Le croste, nella versione più "urbana", anderèbbero un po' ripulite in superficie, grattandole con un coltello seghettato; nella versione "brutale", quella che ovviamente preferisco, invece non si grattano affatto. Si mangiano luride così come sono, maneggiate, mantrugiolate. Tranquilli che non morite; sono cinquant'anni che le mangio così, e non fate tanto gli schifiltosi.
In una padella antiaderente mettete abbondante olio di oliva. Che non vi passi per la càpa di usare oliacci di semi. Una volta che l'olio sarà bello caldo, sistemate le croste nella padella, prima dal lato "formaggio"; ma vanno rigirate dopo poco, perché sennò il formaggio si scioglie. Quando le avrete messe sul lato "crosta dura", fatele andare un po' di più in modo che si ammorbidisca. Tiratele fuori quando la crosta avrà sbollato e avrà assunto la consistenza bruciacchiata che è la vera delizia assoluta di questa cosa. Ricordate: vanno mangiate immediatamente e senza indugio, sennò si induriscono di nuovo in poco tempo e vi tocca rifriggerle. Per questo motivo, a volte, se sono un bel po' io le friggo a "mandate" di due.

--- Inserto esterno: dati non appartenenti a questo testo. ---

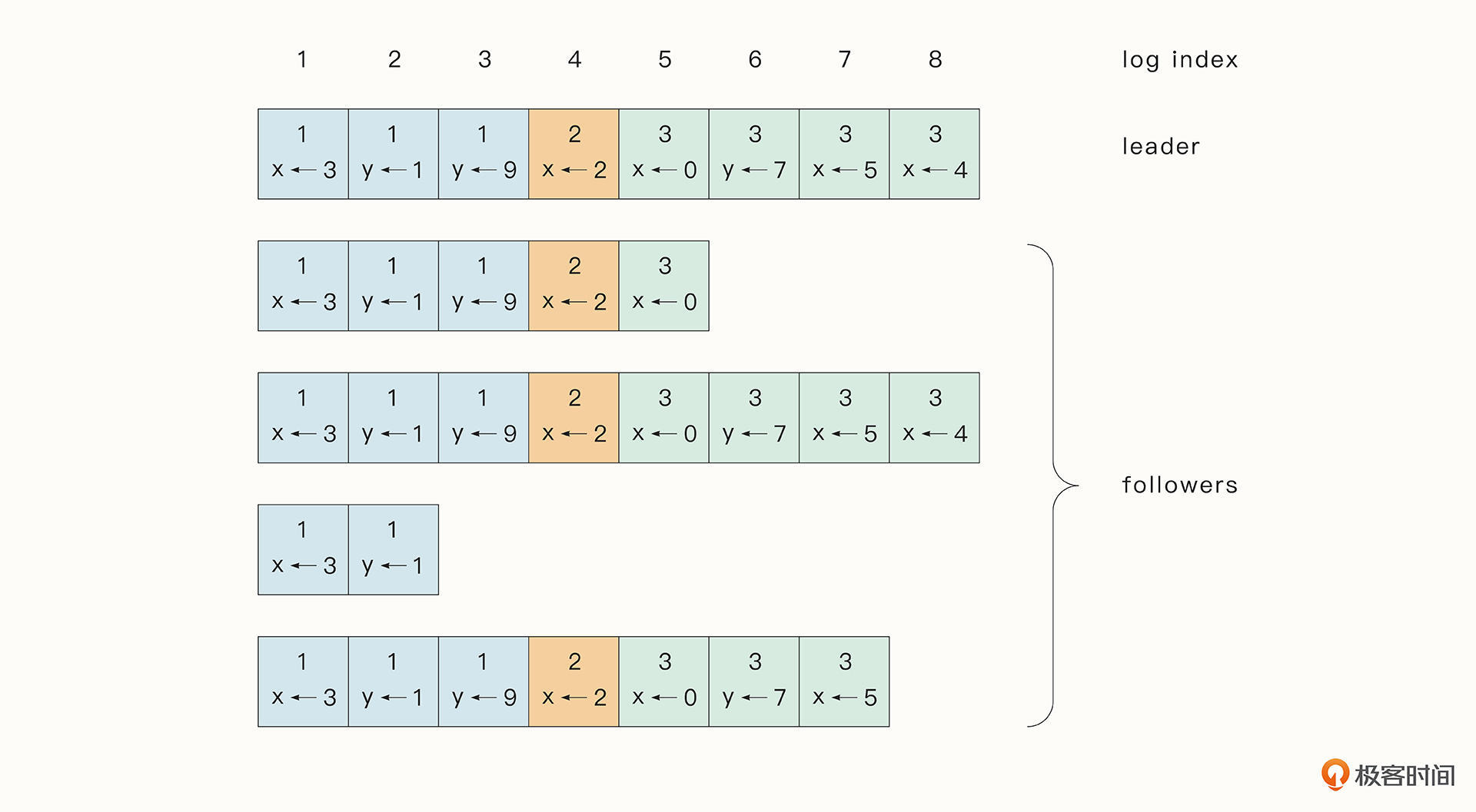 所以我们可以看到,在正常的情况下,Raft可以满足上面的两个属性,但是异常情况下,这种情况就可能被打破,出现数据不一致的情况。为了让数据保持最终一致,Raft算法会强制要求Follower的复制日志和Leader的复制日志一致,这样一来,Leader就必须要维护一个Entry index了。在这个Entry index之后的都是和Follower不相同的Entry,在这个Entry之前的都是和Follower一致的Entry。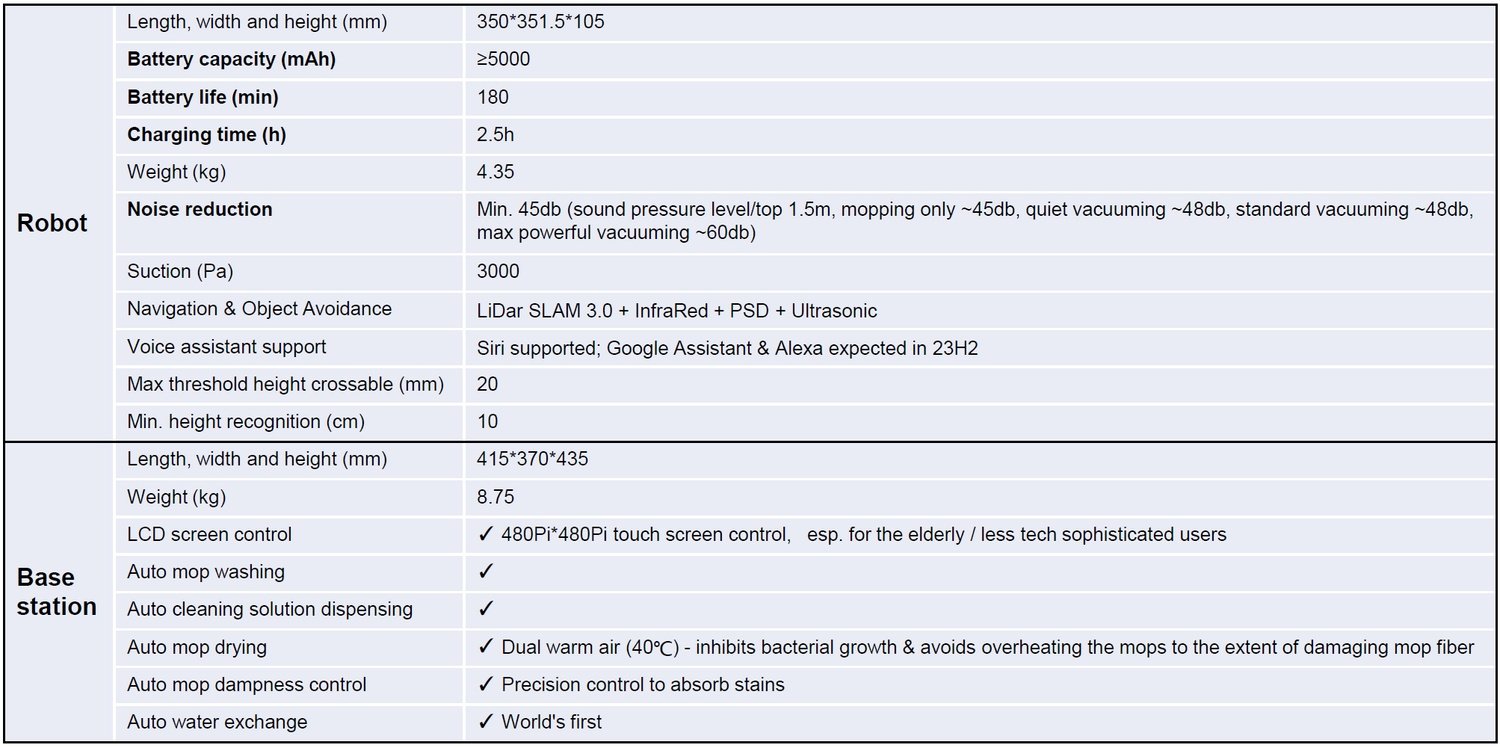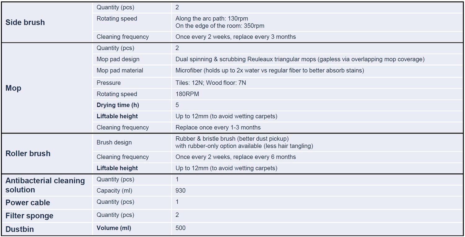 Dirtsense Ultra Clean: I modsætning til andre robotmopper og -støvsugere registrerer Freos Dirtsense*-teknologi intelligent, hvor snavsede moppepuderne er. Derefter renser Freo moppepuderne med højhastighedsspinning ved hjælp af den nøjagtige mængde vand blandet med en videnskabelig andel af gulvrengøringsmiddel (inkluderet i pakken). Smart Swing-mopning: Støv og pletter langs vægge og fodpaneler kan være vanskelige at nå for mange robotmopper og støvsugere. Takket være Corner-Traps*-teknologien aktiverer Freo robotstøvsuger og -moppe med jævne mellemrum Smart Swing, som tager sig af støv i hjørner og ved fodpaneler.

Ci si beve sopra un vinaccio rosso, quello che ci avete in casa. Non ci bevete mai sopra acqua, perché, come nel caso della fonduta svizzera, fa "pancone" nello stomaco e digerirete con dolore biblico.

venerdì 18 ottobre 2013

6. Pollo alla birra "CPA style"


Ingredienti per 1 persona:

- 1 pollo intero
- Salvia molto abbondante
- ca. 1 litro e mezzo di birra rigorosamente alcolica
- Olio di oliva abbondante
- Sale

Gli era, a dire il vero, un bel po' di tempo che non ci si vedeva quaggiù sulle "Ricette Asociali"; ma essendo, appunto, asociali esse si riservano il sacrosanto diritto di pubblicarsi quando par loro e piace. Come state? Tutto bene? Avete intanto preparato le ricettine che vi ho fornito? Ne avete riportato i debiti danni gastrici? Ok, rieccomi dunque, e stavolta con una ricetta che, invero, non è mia anche se proviene da un luogo che frequento regolarmente: il CPA Firenze Sud. Ovviamente, pur essendo comunque abbondati, non ho riportato le dosi in uso al centro sociale autogestito, dove si mettono regolarmente a tavola decine di persone; qui, come si sa, vige il principio dell'asocialità monodose. Con questa ricetta, peraltro, inizierà una "categoria" dove verranno riportati i capisaldi culinari in uso in via di Villamagna. 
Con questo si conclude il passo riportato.